Calhoun, Leitao pointed out, broke several ribs during a crash while participating in a charity bicycle event in 2009, and got up and rode several more miles to finish the event.
“He is by far the best competitor I’ve been around,” Leitao said. “It could be a Big East championship. It could be getting healthy. It could be a lot of things. He’s gonna compete and he’s going to win whatever challenge is in front of him, and he’s not going to allow a back in this case (to) dictate when he feels most comfortable stepping down.”
But Leitao said that is also the Catch 22 with Calhoun. There is always another challenge.
Calhoun has said that he did not retire after his third national title last year in large part because he wanted to see through NCAA sanctions that resulted from recruiting violations in his program. He was suspended for three games at the start of the Big East season, and didn’t want another coach to serve that penalty.
Now, the team faces a possible banishment from the 2013 NCAA tournament because of past academic problems. Retiring also would likely leave Calhoun in sixth place on the all-time wins list, where he is just five behind legend Adolph Rupp.

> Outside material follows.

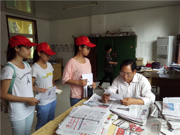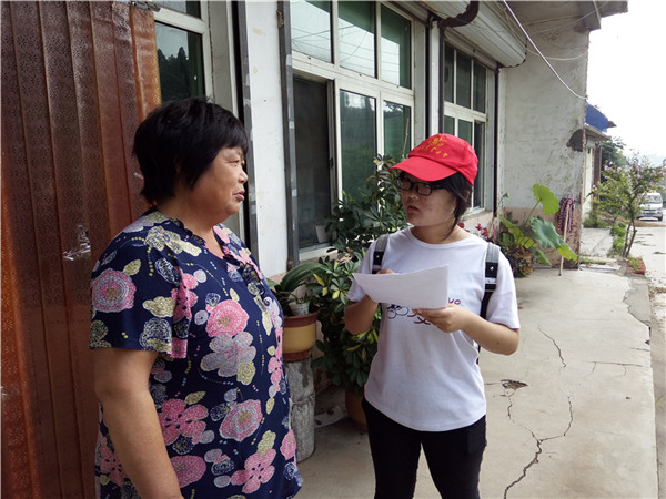 17日开始到19日,全体队员开始进行对当地农民的问卷调查活动。经过了首日的降雨,气温逐渐开始回升,接近中午,逼近35度的高温,队员们汗流浃背,手上的问卷都被滴下的汗水沾染上了湿迹,旅途劳顿加上闷热的天气让他们倍感煎熬,但却没有消磨他们继续努力下去的意志、“路过当地的田间,看到农民们因为条件限制在地里用普通的工具从早到晚锄地,我们仅仅在这里调研几天,又有什么理由因为天气热和劳累就不干活呢?”实践队员牛悦用帽子掀下一把汗水,乐观的说道。从朝阳升起到虹霞落幕,7名女生完全没有展现过娇贵的气质,同男同胞一起挥洒汗水,撑着麻木的双腿圆满的完成了事先拟定的问卷任务。

“So, the most perplexing thing for people that are close to him is, what is the scenario?” Leitao said. “Should he ride off into the sunset winning the national championship as they did last year and things are going very well, or do you want to see through things like the APR or NCAA sanctions or even having a bad year. Do you want to leave on that note?”
George Blaney, the longtime assistant who led UConn to a 3-5 record during Calhoun’s latest absence, said he knows his friend’s heart is still in the game.
“That’s why we’ve gotten along for 40 years. There is no way that I could get along with Jim Calhoun for 40 years and no way he could get along with me for 40 years except that we love to be in the gym,” he said. “It’s something that’s part of us. I know both of us want to keep coaching. Whether or not we can keep coaching is always up in the air.”
If Calhoun has decided what his future holds, he hasn’t made that decision public. But those who know him best all say they would be surprised if he walks away now.
“I can’t ever see coach leaving,” said Walker, now in the NBA with the Charlotte Bobcats. “He’s such a strong guy mentally. I think he’ll overcome everything he’s going through right now.”
Calhoun said he’s not returning for trophies or praise or “anything else.” What motivates him, he said, is “being around the kids and knowing what the game did for me and knowing what it is going to eventually do for a lot of these kids and watching their growth.”
“I got a chance to watch some of it from a distance,” he said. “I didn’t like that, obviously. It’s hard to do. So, I want to be back near them.”
The feeling is mutual.
“He didn’t have to come back,” UConn forward Jeremy Lamb said. “He still needs rest and stuff. But he decided to come back and be with us and give us all he’s got, so I think that meant a lot to the team.
“So, all we can do for him is play as hard as we can.”